## Task item
A faithful copy of the data is what is wanted, minus any pictures.

## Provided material
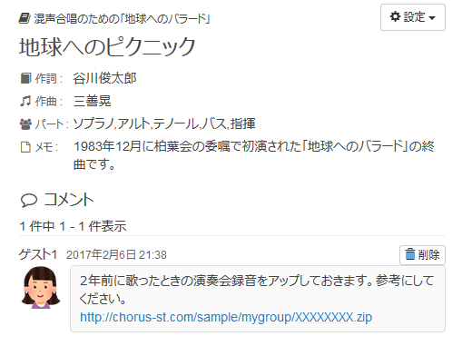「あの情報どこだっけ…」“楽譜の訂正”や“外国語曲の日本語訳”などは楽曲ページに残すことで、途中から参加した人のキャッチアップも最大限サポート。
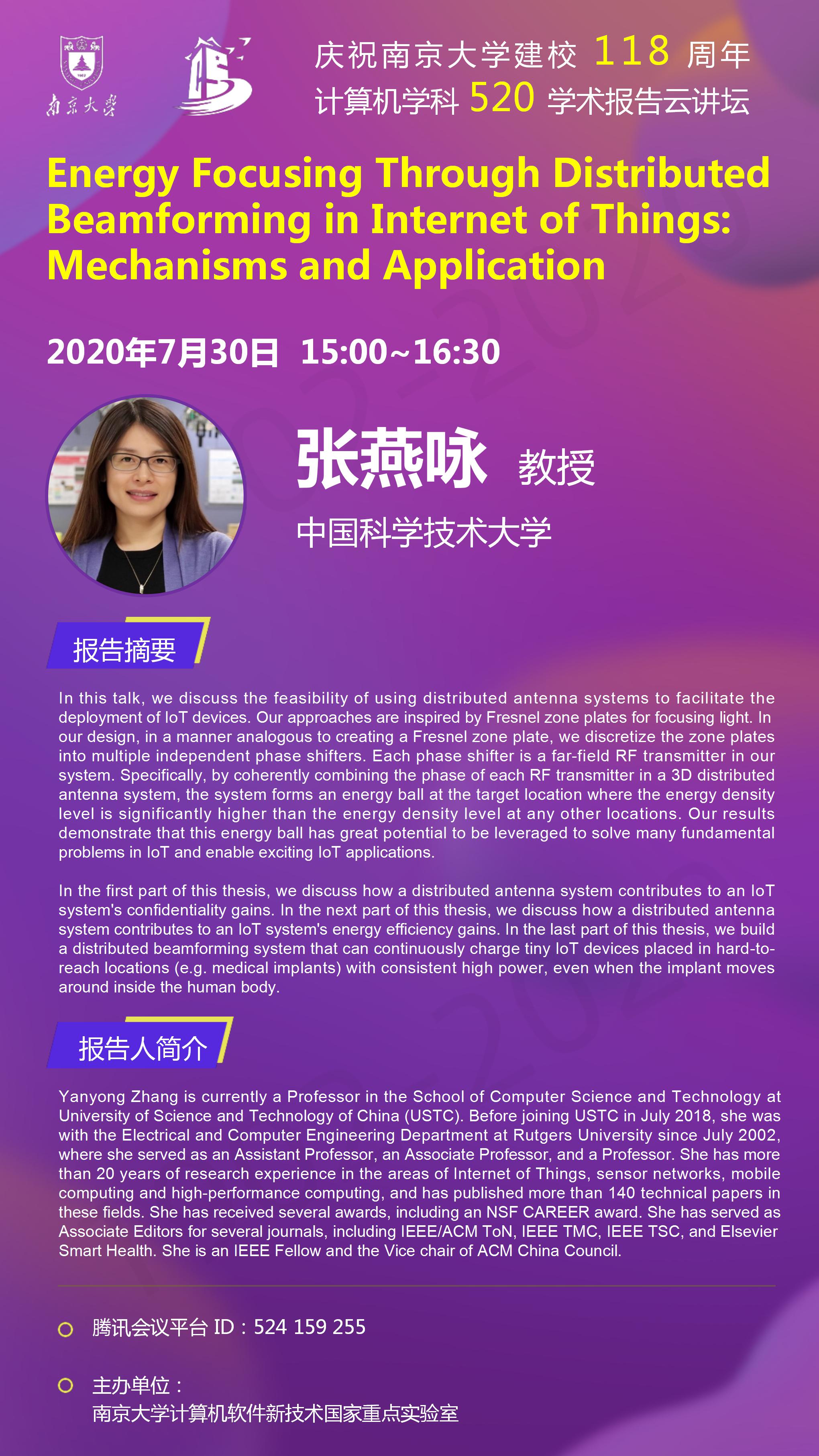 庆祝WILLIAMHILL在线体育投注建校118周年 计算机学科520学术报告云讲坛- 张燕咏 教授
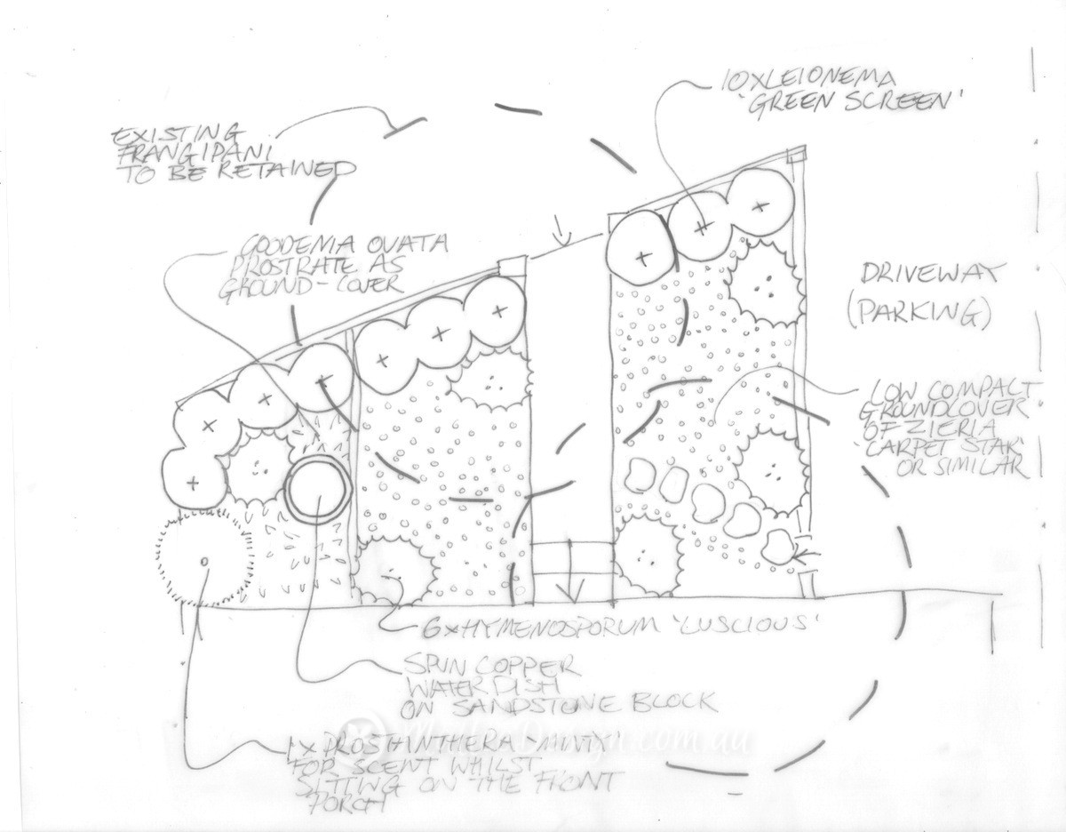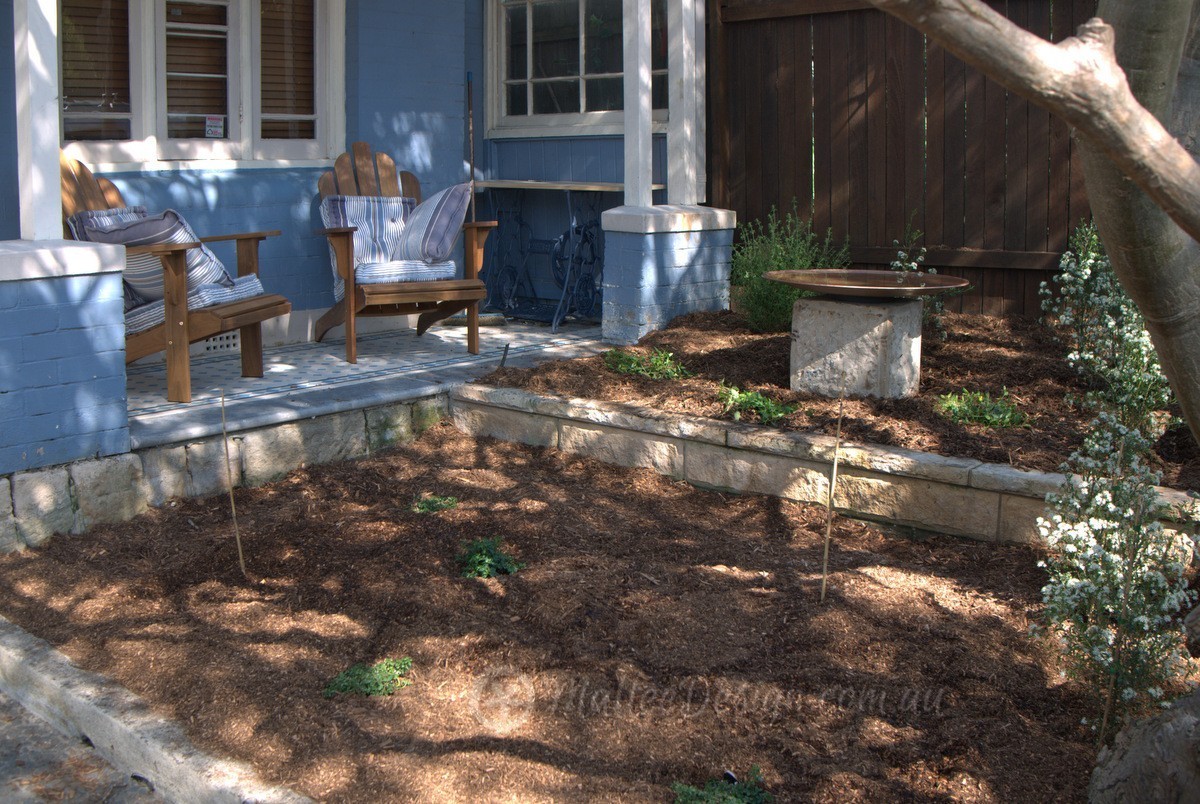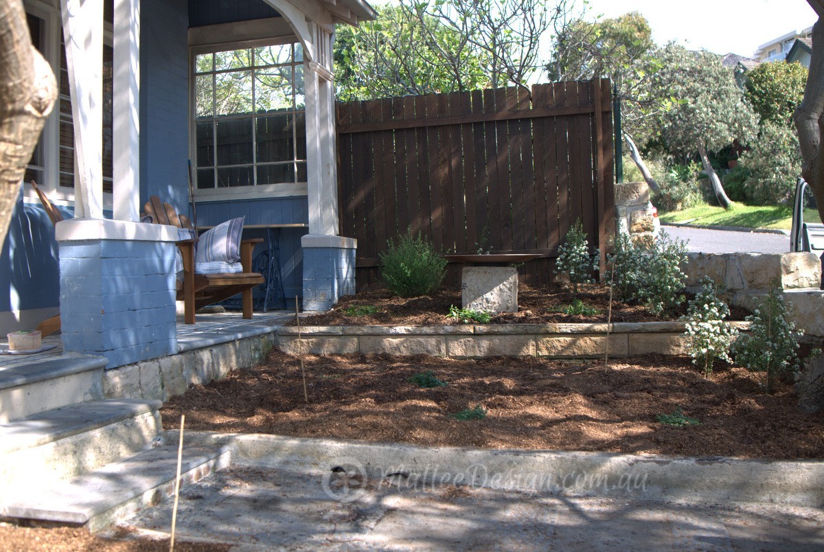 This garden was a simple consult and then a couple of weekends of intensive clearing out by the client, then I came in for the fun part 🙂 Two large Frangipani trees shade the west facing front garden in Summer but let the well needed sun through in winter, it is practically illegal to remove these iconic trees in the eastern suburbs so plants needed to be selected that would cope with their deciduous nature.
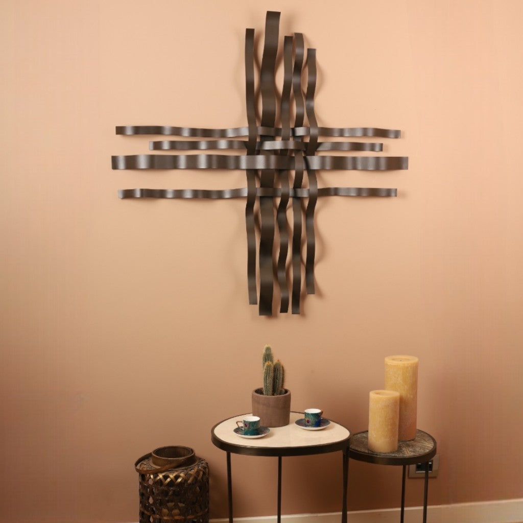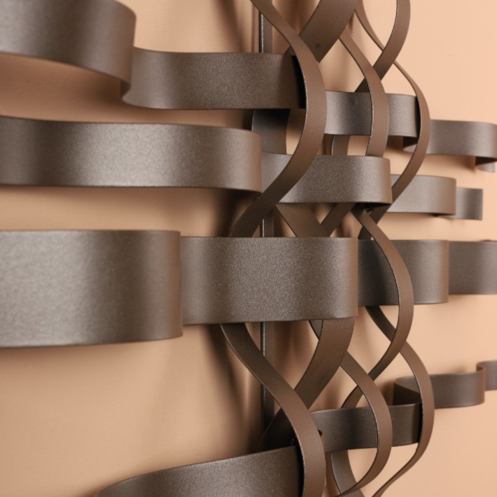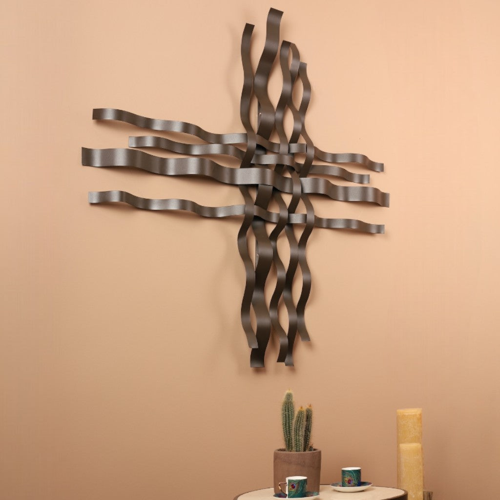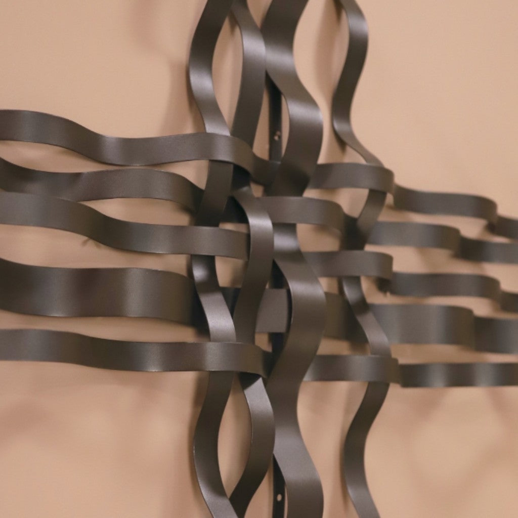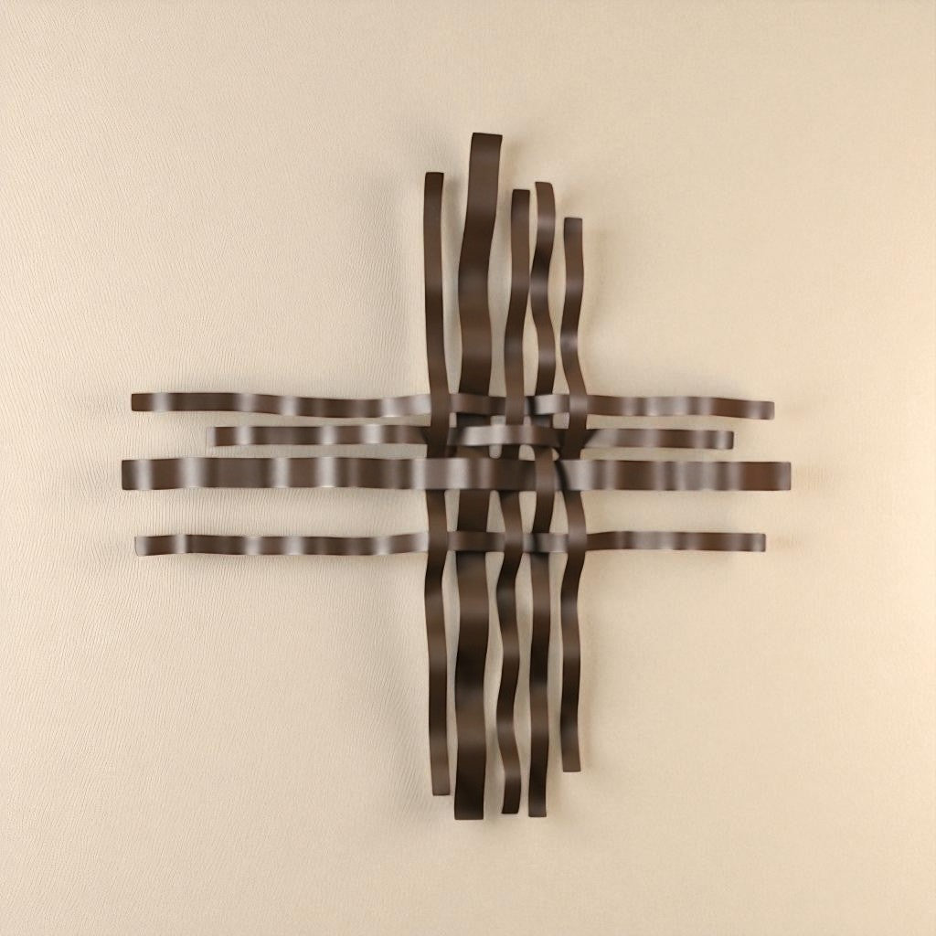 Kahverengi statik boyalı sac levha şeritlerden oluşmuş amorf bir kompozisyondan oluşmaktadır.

## Solution to this exercise
「あの情報どこだっけ…」“楽譜の訂正”や“外国語曲の日本語訳”などは楽曲ページに残すことで、途中から参加した人のキャッチアップも最大限サポート。
 庆祝WILLIAMHILL在线体育投注建校118周年 计算机学科520学术报告云讲坛- 张燕咏 教授
 This garden was a simple consult and then a couple of weekends of intensive clearing out by the client, then I came in for the fun part 🙂 Two large Frangipani trees shade the west facing front garden in Summer but let the well needed sun through in winter, it is practically illegal to remove these iconic trees in the eastern suburbs so plants needed to be selected that would cope with their deciduous nature.
 Kahverengi statik boyalı sac levha şeritlerden oluşmuş amorf bir kompozisyondan oluşmaktadır.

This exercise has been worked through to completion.